Return the data below unchanged, without images.

+++ Information provided +++

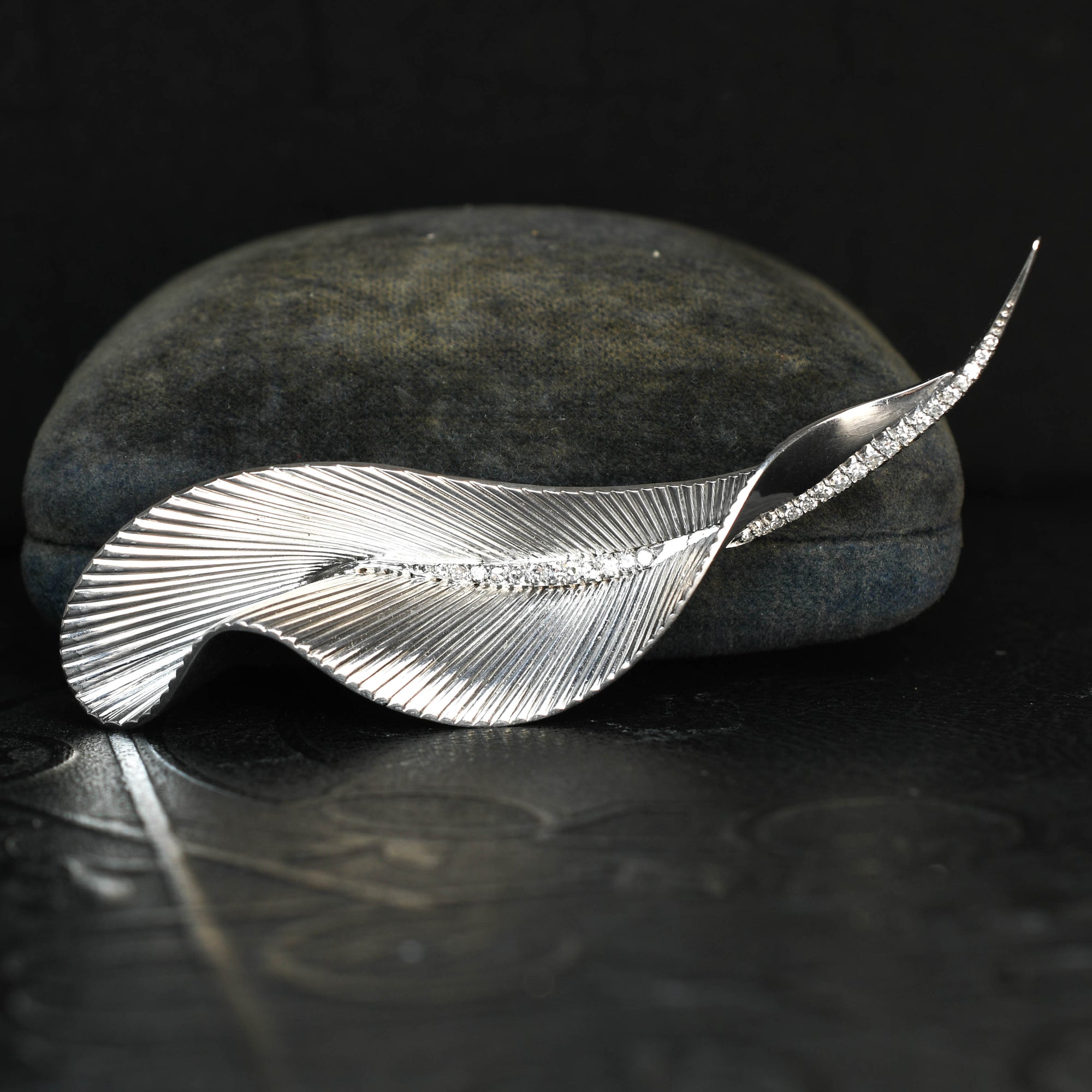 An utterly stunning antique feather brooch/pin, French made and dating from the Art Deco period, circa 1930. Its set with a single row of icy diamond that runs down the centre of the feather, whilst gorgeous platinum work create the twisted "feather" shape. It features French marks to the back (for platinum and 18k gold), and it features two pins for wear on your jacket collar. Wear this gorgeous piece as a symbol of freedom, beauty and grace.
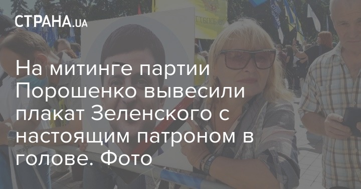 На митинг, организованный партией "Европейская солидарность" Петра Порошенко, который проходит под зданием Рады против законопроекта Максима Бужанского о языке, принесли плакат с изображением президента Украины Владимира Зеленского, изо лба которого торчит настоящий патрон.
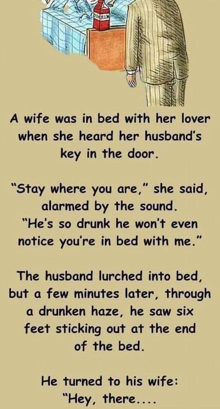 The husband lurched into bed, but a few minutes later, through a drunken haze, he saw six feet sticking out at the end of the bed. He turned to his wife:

+++

» **Reply to the exercise**
 An utterly stunning antique feather brooch/pin, French made and dating from the Art Deco period, circa 1930. Its set with a single row of icy diamond that runs down the centre of the feather, whilst gorgeous platinum work create the twisted "feather" shape. It features French marks to the back (for platinum and 18k gold), and it features two pins for wear on your jacket collar. Wear this gorgeous piece as a symbol of freedom, beauty and grace.
 На митинг, организованный партией "Европейская солидарность" Петра Порошенко, который проходит под зданием Рады против законопроекта Максима Бужанского о языке, принесли плакат с изображением президента Украины Владимира Зеленского, изо лба которого торчит настоящий патрон.
 The husband lurched into bed, but a few minutes later, through a drunken haze, he saw six feet sticking out at the end of the bed. He turned to his wife:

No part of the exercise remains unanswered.